These past couple of weeks of being sick have convinced me that there are definite minuses to cubicles. The prescence of six foot walls make it seem okay to cough, then hack, then even spit the product in a coke can. This is, though, a bad idea, as your other three cubicle buddies wish that someone would fire you quickly. Even if you're of perfectly good health, you probably think that you can have some private phone calls, which you may...but they will never be private. I know well that the girl across from me tells her father that she wishes she made more money. She never wanted that to get out, I don't think. On a serious note, though, I have a window into the fascinating life of the former golf caddie, who's my age as well (our cubicle sector is pretty much grouped by age). It's seriously different from my life.

Seeing this Kansan was a treat as we went right across the Hudson to Hoboken, NJ. I never had an idea of Hoboken, because unlike NYC and its outer boroughs, there were no sitcom families in NJ. The Sorpranos are somewhere in Jersey, but I don't have a television or cable, so I'm not paying extra for HBO (one of the few unchanging themes in my life). Hoboken has something about it that says "live here, enjoy yourself!" Apparently the downtown has more restaurants per capita than anywhere else, and it's true, you'd have an easier time finding indan food than a hardware store. One of the aspects of Hoboken that I liked is the same thing I liked about Brooklyn, you get more air space.

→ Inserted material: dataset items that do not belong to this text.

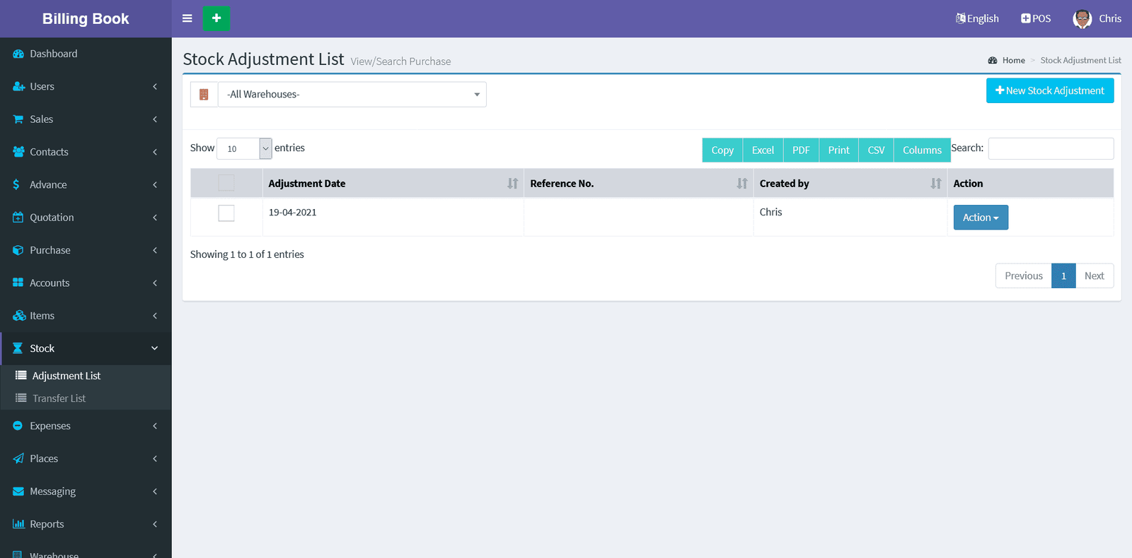 Left Sidebar -> Stock Adjustment -> Stock Adjustment List
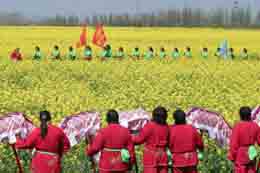 第三屆中國(guó)·河橫菜花節(jié)日前在江蘇姜堰沈高鎮(zhèn)河橫村開(kāi)幕,吸引了眾多游人。河橫村是全國(guó)農(nóng)業(yè)旅游示范點(diǎn),曾被聯(lián)合國(guó)環(huán)境規(guī)劃署授予生態(tài)環(huán)境“全球500佳”稱號(hào)。圖為河橫村的農(nóng)民腰鼓隊(duì)走在油菜田里。 |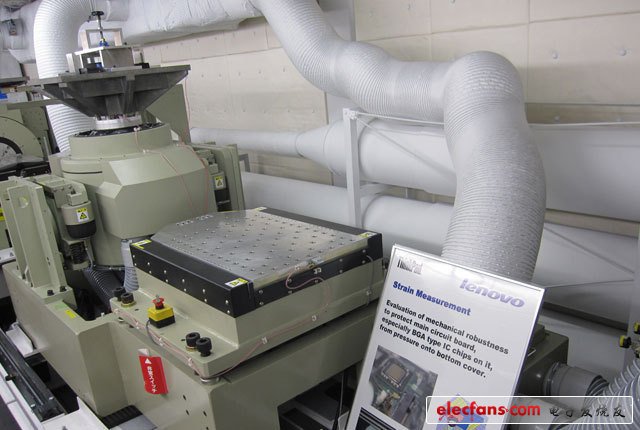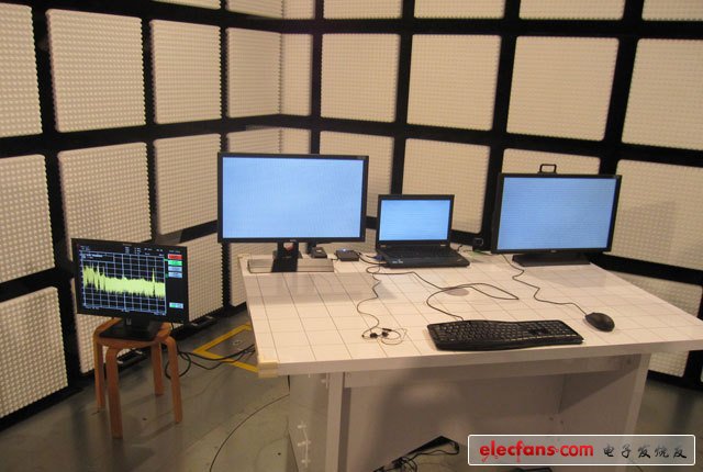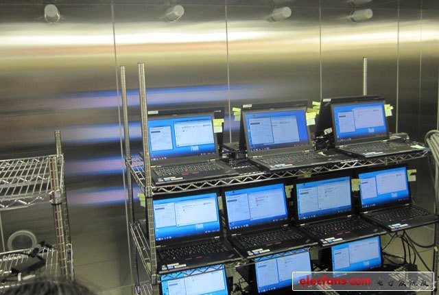 18、電波測(cè)試。圖為半無(wú)音電波暗室,測(cè)試該環(huán)境下,其他設(shè)備產(chǎn)生的電波對(duì)筆記本造成的影響。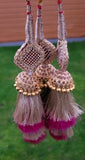 Handmade design Features - 3 Latkans with double Diamond style studded design  with stones and charms bells chabba (Umbreall) design - Pink and Gold Zari Latkans - Lahore Style Heavy Paranda - Just arrived
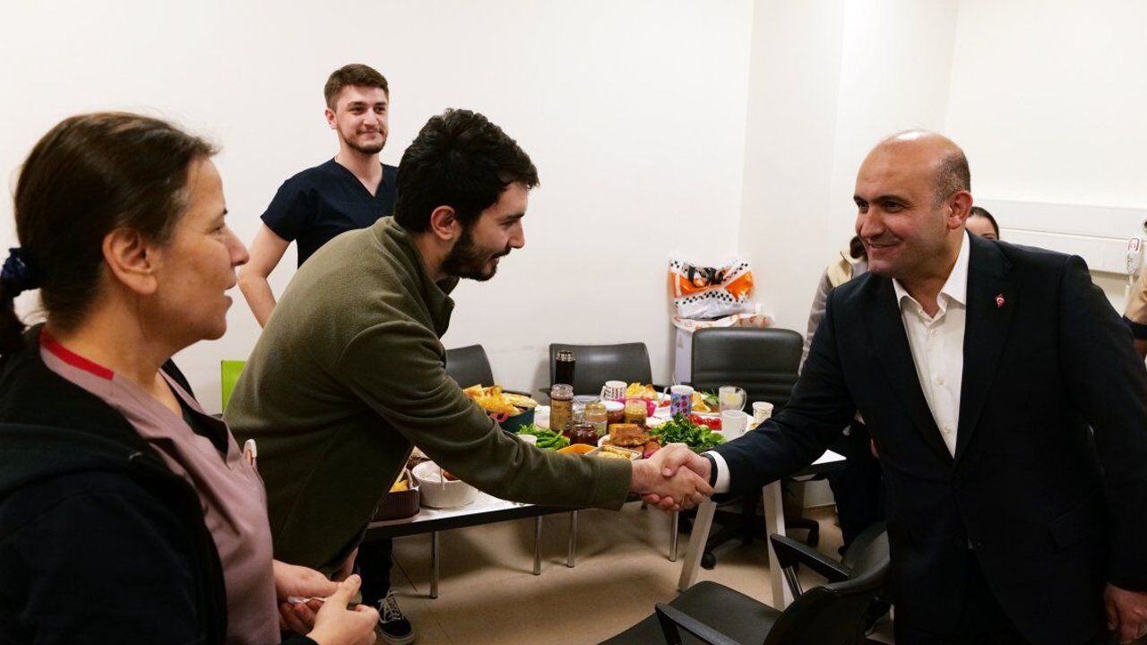 İlk ziyaretini Eskişehir-Ankara karayolunda görevleri başında olan güvenlik güçlerine gerçekleştiren Albayrak ve beraberindekiler, akabinde Eskişehir Şehir Hastanesi’ni ziyaret etti. Hastanede tedavi gören vatandaşlara geçmiş olsun dileklerini ileten Albayrak, “İl Yönetim Kurulu arkadaşlarımız ile birlikte bayram dolayısıyla mesai başındaki emniyet güçlerimizi ve Eskişehir Şehir Hastanesi’nde çalışan hekim ve sağlık çalışanlarımızı ziyaret ettik, görevlerinde kolaylıklar diledik. Özellikle pandemi sürecinde yaptıkları fedakârlıkları ayrı bir düşündükçe gerçekten hakları ödenmez. Bu vesile ile ülkemizin huzuru, toplumumuzun sağlığı için görev başında olan tüm kardeşlerimin Ramazan Bayramı’nı bir kez daha tebrik ediyorum. Hep birlikte sağlık ve huzur dolu nice bayramlara inşallah” dedi.

The buildings don't rush up to the sky giving you only a feeling of being really walled in. Oh, being walled in is a part of NYC, especially if it isn't Greenwich Village, people say. It's cool, that's something that I've said in the past. There's a huge difference, though, between driving or walking around Manhattan and being astonished and waking up to only a morsel of sun because the building across the way blocks it. Then leaving your building and being confronted by the wall of 5 story facades all the way to the end of a long block. And that's not to mention midtown.

There needs to be a New York exchange, a new one for people my age in my grey area of life. So what. I want to live on the outskirts of Orange County, commute 30 minutes 3 times a week to UNC while working somewhere, probably without much enthusiasm. Maybe I want to drive by all the pine trees, let those be the walls blocking my sun. At the same time, on the outskirts of Orange County there's someone waiting to be broken out and freed, in some way, by living here. His life could comprise anything from ultra corporate to used bookstore, but the importance is that so many people he read about did the same thing, sort of, and became successful here. Also, he has some visual memories of NYC, a collusion between 300 movies and 2 visits that makes certain aspects, like unemployment figures or a rather unwelcoming society, very hard to think about. So why shouldn't we switch? No trade backs, of course, but at least on the eight hour drive and the first week afterwards, both people will get what they want.

Spring is lovely here, but the yellow pollen wonderland of North Carolina I'm sure is even more wonderful. The sheer weight of the verdant landscape down there is so full of color that it'll even make children look up from their books on a long car ride. To make life good here, though, I went to the park two days in a row. A child came up to me today to hand me a ball. Apparently children, unlike their parents, nannies, and even dogs, haven't learned to fuzz out all the strangers around them. I also spent some time on the stoop, where I was joined by a Malaysian girl hired at the sushi restaurant next door. Pulling from my grab-bag of foreign languages, I said "Abakaba", to which she asked if I spoke Malay. Well, we all know the answer to that one. But now I have a reason to go next door for sushi. At least to keep someone talking who loves this country so much.

I had to put that title in, thanks to the Neutral Milk Hotel I've been listening to lately. Every title comes from a pop song.